OK, so what do I suggest you do with your eggshells?

Trust me, they will NOT smell or attract bugs while they dry out.  Even in my tiny RV, I can spare a little counter space for a bowl or some other vessel to hold the shells.  They need a little breathing room, so try not to stack the halves inside of each other.  After a few days – (or less, if you choose to put the bowl on the hood of your car in the sun for an afternoon or two) – they will be dry enough to pound into tiny pieces.  This activity is an excellent way to work out your frustrations.  Kids love to do it, too.  No fancy tools required:  just use the bottom of a glass, or a jar, or a wooden spoon to pulverize them.  (a mortar and pestle will work better than plastic, but i said “no fancy tools”)  Try to get the pieces as much like powder as possible.

When they are not identifiable as eggshells, you can spread them in ANY flower bed or potted plant without anyone knowing what you are doing!  If you have a worm bin, this is excellent food for them.

**And as a bonus lesson, pay attention to where your eggs come from.  Did you know that “cage-free” isn’t necessarily a good thing?  Farmers can cram thousands of chickens in a barn, where they never see light of day – but they aren’t in CAGES.  Many still use antibiotics and most trim the beaks … and I won’t even tell you how short their lives are …  Start in your backyard, or at least your community.  Yes, they are probably more expensive, but they are BETTER!

Hooray!  Look what you learned on the internet today!!
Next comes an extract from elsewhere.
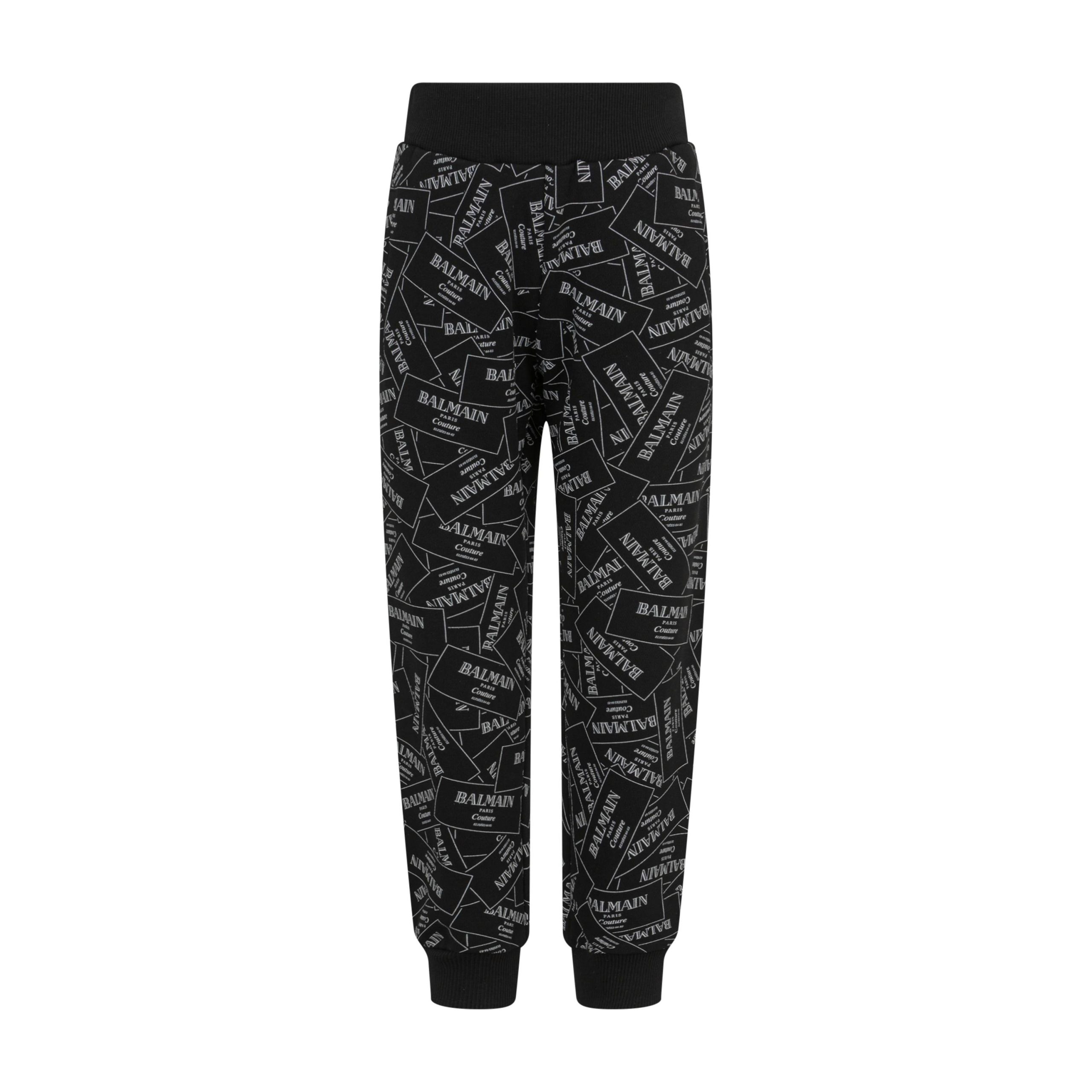 Pantaloni sportivi per bambino Balmain Kids, realizzato in cotone 100%, il prodotto presenta un colore nero, vita elasticizzata, due tasche laterali a filetto, stampa con logo all-over, orli alle caviglie elasticizzati.

Love, from your hippie friend,



2 responses »

  1. Could not agree with you more! When we had our sticks & bricks, we had a dozen chickens, nine of which were egg laying (six Rhode Island Reds, one Turkin, a Gold Comet and a Barred Rock. The three roosters were gorgeous Leghorns; but, not very friendly – so, they were isolated most if the time. The RI Reds produced the most. Talk about hearty eggs! And the flavor they provided was outstanding. We have noticed the price of backyard eggs cost about 2-3 dollars per dozen. Well worth it.
    Great post! It brought back many fond memories of having chickens…

    • i was payin $5 per dozen in Oregon! We just won’t have eggs if i can’t get backyard eggs. after having hens of our own, nothing else makes sense.